What to do:
Starting at the first line of the data, print each line verbatim up to and including the line bearing "三鷹中原で黒く色づくヨウシュヤマゴボウの実", omitting pictures.

Given information:
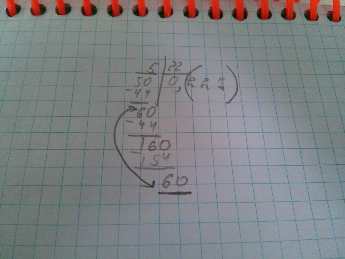 Запишите обыкновенную дробь 5/22 в виде десятичной периодической дроби. Подчеркните период. Help Me! Help!
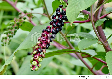 三鷹中原で黒く色づくヨウシュヤマゴボウの実
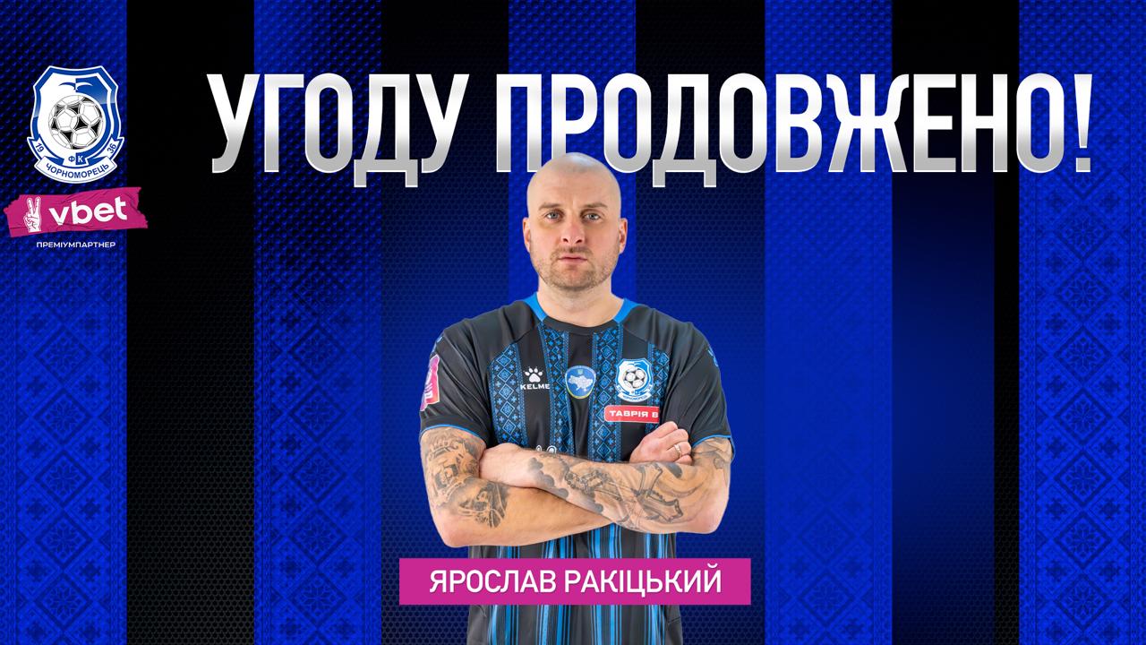 Сьогодні було продовжено угоду між ФК «Чорноморець» та захисником Ярославом РАКІЦЬКИМ, який розпочав виступи за команду «моряків» у березні поточного року і зіграв 9 офіційних матчів.

Solution:
 Запишите обыкновенную дробь 5/22 в виде десятичной периодической дроби. Подчеркните период. Help Me! Help!
 三鷹中原で黒く色づくヨウシュヤマゴボウの実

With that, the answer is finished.